Поражаюсь, как она не спалила себя — не только пожарами взаимоисключающих страстей, но и вулканическим неистовством работы. Сон она презирала, как слабость, хотя нуждалась в нем куда больше, чем старалась показать; она отмеряла по крохам часы забытья и выдирала себя из него безжалостно. Панегирикам Эйса, превозносившего ее как физика, я не слишком-то доверял, но другие коллеги, постарше и побеспристрастней, говорили о ее математических концепциях не просто с уважением, но с благоговением.

Со мной она свою работу не обсуждала; наша близость не распространялась на те сферы, в которых я ничего не смыслил как ученый — ведь здесь мое восхищение не могло ей польстить, даже если бы я вдруг и начал восхищаться. У меня сложилось впечатление, что она пытается сформулировать принципы полета на аппаратах тяжелее воздуха — химера эта уже давно не давала покоя изобретателям. Мне это, признаться, казалось довольно бессмысленным — очевидно же, что такие аппараты, будь они даже созданы, заменили бы комфортабельные и безопасные управляемые аэростаты не в большей мере, чем минибиль заменил лошадь.

Весна превратила нас всех в фермеров; в период пахоты и сева мы думали и говорили исключительно о них. Но никому это не было в тягость. Экономика Приюта почти целиком зависела от наших урожаев, да и сама работа в поле доставляла наслаждение. Лишь когда наш лихорадочный бег наперегонки со временем замедлился, мы начали возвращаться к обычным занятиям.
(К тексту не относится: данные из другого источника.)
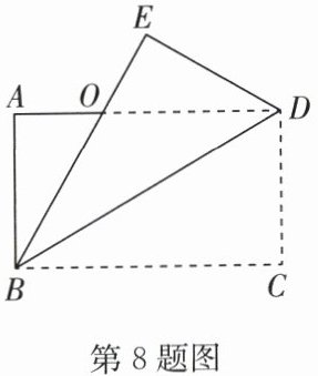 8. 如图,在矩形ABCD中,连接BD,将$△ BCD$沿对角线BD折叠得到$△ BED$,BE交AD于点O,BE恰好平分$∠ ABD$,若$AB=\sqrt{3}$,则点O到BD的距离为(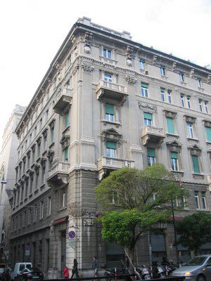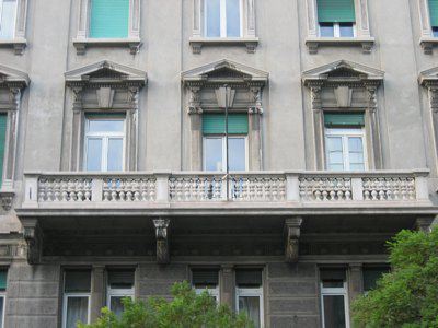 BALCONI (esterno): Balconi con balaustra in pietra in corrispondenza della sezione centrale del terzo piano, ai lati del quarto e quinto piano e a coronamento dei corpi aggettanti alle estremità della facciata principale. LESENE (esterno): Lesene di ordine gigante su alti piedistalli, scanalate nella parte superiore e arricchite da capitello corinzio in corrispondenza dei corpi aggettanti alle estremità di tutti e tre i prospetti. SEMIPILASTRI (esterno): Semipilastri con capitello corinzio in corrispondenza delle finestre tripartite poste alle estremità delle facciate e delle finestre bipartite del quinto piano. CORNICE (esterno): Cornice a dentelli lungo tutto il perimetro dell'edificio al di sopra del quinto e del sesto piano. ELEMENTI DECORATIVI (esterno): Rilievi in pietra raffiguranti motivi floreali, ghirlande, medaglioni e mensole a voluta a decorazione della superficie muraria dei tre prospetti dell'edificio. ELEMENTI DECORATIVI (interno): Decorazioni in stucco dorato, rilievi stile Liberty e affreschi caratterizzano le sale del Caffè San Marco al pianoterra dell'edificio.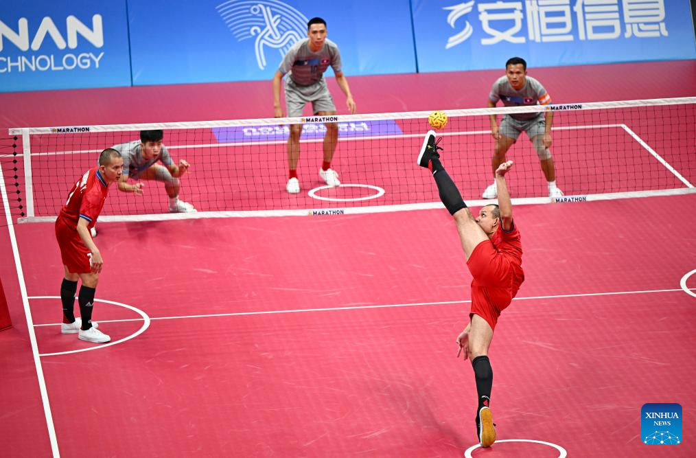 Varayut Jantarasena of Team Thailand kicks the ball during Men's Team Regu Preliminary Match of Sepaktakraw between Thailand and Laos at the 19th Asian Games in Jinhua, east China's Zhejiang Province, Sept. 24, 2023. (Xinhua/Chen Zhonghao)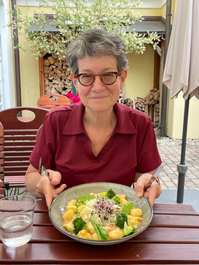 I lunched on gnocchi and fresh veggies, and of course salmon for dinner, no fish-photo taken. A glass of wine is $3 or less here and the dollar is strong, so other than gasoline, things have been inexpensive so far. Our trip to the grocery store for lunch was a bargain.

Я сказал «всех нас» — но надо исключить немую девушку. Она встретила весну всеми проявлениями радости, какие ей были доступны; ее апатия явно осталась в прошлом. Неожиданно в ней открылся талант, переживший шок или воскрешенный теплыми лучами солнца как листва, как цветы. Оказалось, она мастерски управляется с иголкой и ниткой. Поначалу робко, но чем дальше, тем увереннее, она придумывала и шила одежду — все ярче, все причудливей, не чета однообразно-унылым фасонам, принятым в Приюте. И, закончив очередное творение, всегда бежала ко мне — будто только затем и старалась, чтобы я одобрил.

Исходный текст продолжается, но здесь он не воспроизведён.